As described above, according to the first aspect of the present invention, the output control of the power source for suppressing the longitudinal vibration of the vehicle is executed or executed in accordance with the total torque applied to the power transmission system. As a result, the vehicle longitudinal vibration during gear shifting can be effectively suppressed, and the output or driving force responsiveness to output control operations such as slight accelerator operation that is performed relatively frequently during normal driving is improved. It can be.

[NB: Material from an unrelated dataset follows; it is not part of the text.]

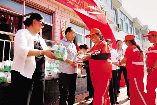領(lǐng)到粽子的環(huán)衛(wèi)工人們高興不已,市容五所的環(huán)衛(wèi)工人白新云告訴記者:“我覺得很開心,一來過節(jié)有了愛心粽子吃;二來企業(yè)送粽子給環(huán)衛(wèi)工人,是對我們工作的體諒和支持,說明大家看到了我們的付出?,F(xiàn)在環(huán)衛(wèi)工作得到越來越多人的關(guān)注,大家齊心協(xié)力為城市的整潔而努力,我們的家園一定會越來越美麗?!毕聢D為工作人員為環(huán)衛(wèi)工人分發(fā)粽子小禮盒(實習記者 許凈)

According to the second aspect of the present invention, the total torque applied to the power transmission system during the shift is reflected in the output control of the power source for suppressing the longitudinal vibration of the vehicle due to the shift. The control of the output torque at the start of shifting and the output torque for suppressing longitudinal vibration is more accurate, and as a result, the longitudinal vibration of the vehicle at the time of shifting can be effectively suppressed.

[Brief description of the drawings]

FIG. 1 is a flowchart showing an example of an engine torque control start determination routine for longitudinal vibration suppression by the apparatus of the present invention.

FIG. 2 is a block diagram schematically illustrating an example of a power transmission system to which the present invention can be applied.

[Explanation of symbols]

 1 ... prime mover 4, 9 ... electronic control unit 6 ... transmission

Claims (2)

[Claims] 1. A control device for a vehicle having a continuously variable transmission in which a continuously variable transmission is connected to an output side of a power source, means for determining a total torque applied to a power transmission system at the time of shifting, and the total torque Means for outputting an instruction to start output control of a power source for suppressing vehicle longitudinal vibration when the amount of change exceeds a predetermined reference value. Control device for a vehicle equipped with 2. The vehicle with a continuously variable transmission according to claim 1, further comprising means for determining an output control amount of the power source based on the obtained total torque. Control device.